WHAT IS BEING ASKED =
Print word for word whatever lies between the first line of the material and the line holding "A beautiful, oval", both included, and omit all pictures.

GIVEN INFORMATION =
--- START ---

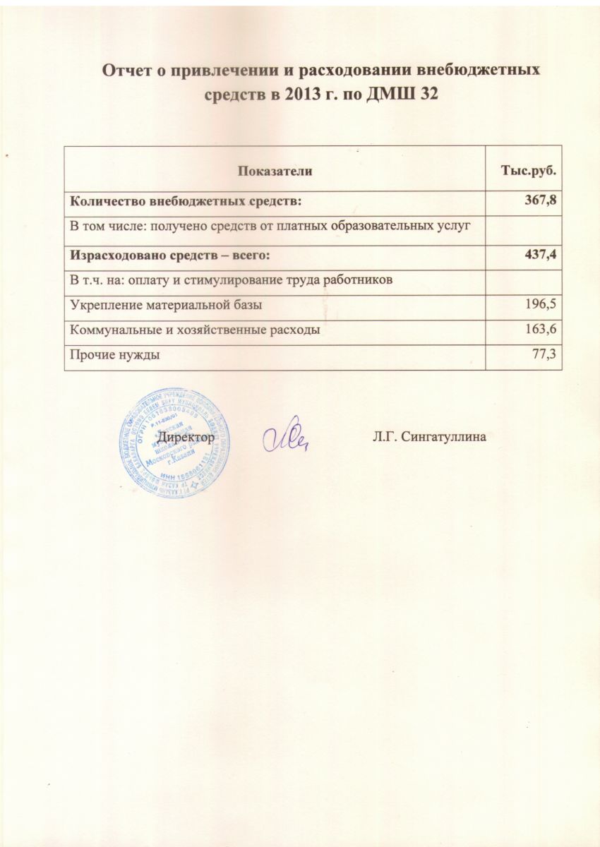 Отчёт о привлечении и расходовании внебюджетных средств за 2013 год
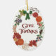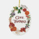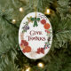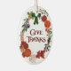 A beautiful, oval Thanksgiving Ornament with a wreath of fall fruits, leaves, seed pods and flowers from a watercolor design, hand-painted by Judy Adamson. The ornament is shown with a white background but you can easily change it to any colour you wish.
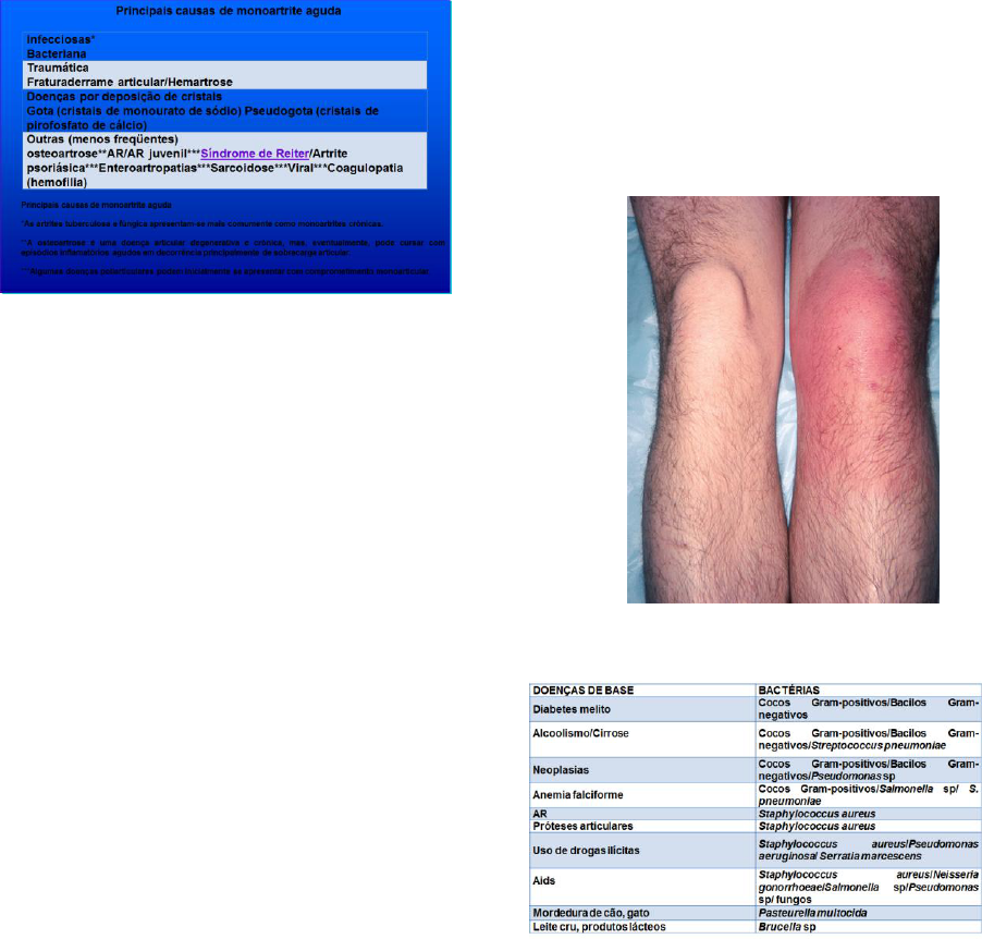 Artrite Infecciosa Definição É uma monoartrite causada por uma bactéria, podendo atingir articulações importantes como coluna vertebral, bolsas sinoviais, quadril. Etiologia Gonocócicas Neisseria Gonorrhae Não-gonocócicas Staphylococcus aureus ***Principal por traumas na pele. Streptococcus Gram negativos Obs.: Em crianças, as bactérias mais comuns, conforme a faixa etária são: - neonatos – Staphylococcus aureus, estreptococos, bacilos Gram-negativos; - < 2 anos – Haemophilus influenzae, Staphylococcus aureus; - 2-15 anos – Staphylococcus aureus, Streptococcus pyogenes Gonocócica É uma forma comum em pacientes jovens. Acomete principalmente mulheres, já que a infecção gonocócica nelas em grande parte é gonocócica. E já no homem tem característica de secreção intensa, que o leva ao tratamento. Transmissão Sexual por práticas de risco Esplenectomizados Deficiência do sistema complemento Manifestações clínicas Poliartralgia Poliartrite migratória Sinais sistêmicos de inflamação Tenossinovite – vermelhidão onde houver tendão Dermatite máculo papular Adenosinovite Não-gonocócica É uma monoarterite, mas pode acometer até 4 articulações (oligoarterite). A articulação do joelho é a mais comumente afetada (48%), a coxofemoral é a segunda em incidência (24%) Fatores de risco para desenvolver artrite séptica não-gonocócica Diminuição das defesas do hospedeiro – idosos, neoplasias, doenças crônicas graves (por exemplo, diabetes mellitus, cirrose, doença renal crônica, anemia falciforme), Uso de medicamentos imunossupressores (por exemplo, glicocorticóides, quimioterapia), Defeitos de fagocitose (deficiências do complemento); Inoculação por via hematogênica – uso de drogas ilícitas por via venosa, Procedimentos invasivos (cateteres intravenosos); inoculação iatrogênica – após artrocentese ou artroscopia. As infiltrações intra-articulares com corticosteróides podem, algumas vezes, ser responsáveis por artrite bacteriana (< 1%); Gota, artrite traumática; próteses articulares; AIDS Doença articular prévia – principalmente AR, LES, Osteoartrose Manifestações clínicas Monoarterite de início súbito Febre e calafrios importantes – pela bacteremia Sinal de alerta Diagnóstico Artrocentese – na dúvida, a articulação deverá ser puncionada para análise do líquido sinovial. É o exame mais importante para o diagnóstico de artrite séptica. Aspecto turvo, amarelado ou verde acinzentada. Presença de polimorfonucleares e bactéria. Diminuição da glicose. USG, TC e RM A USG orienta até mesmo a artrocentese Procura de osteomielite na TC e RM e radiografia TC e RM para avaliar partes moles. Hemograma Leucocitose com desvio para a esquerda. Hemocultura – bacteremia Mais comum na não-gonocócica Tratamento O tratamento é guiado pelo resultado da hemocultura. A via de administração deverá ser intravenosa. Tratamento hospitalar Drenagem da articulação Por vezes cirúrgica Analgésicos Fisioterapia Evitar a imobilização

--- END ---

ANSWER BELOW =
 Отчёт о привлечении и расходовании внебюджетных средств за 2013 год
 A beautiful, oval Thanksgiving Ornament with a wreath of fall fruits, leaves, seed pods and flowers from a watercolor design, hand-painted by Judy Adamson. The ornament is shown with a white background but you can easily change it to any colour you wish.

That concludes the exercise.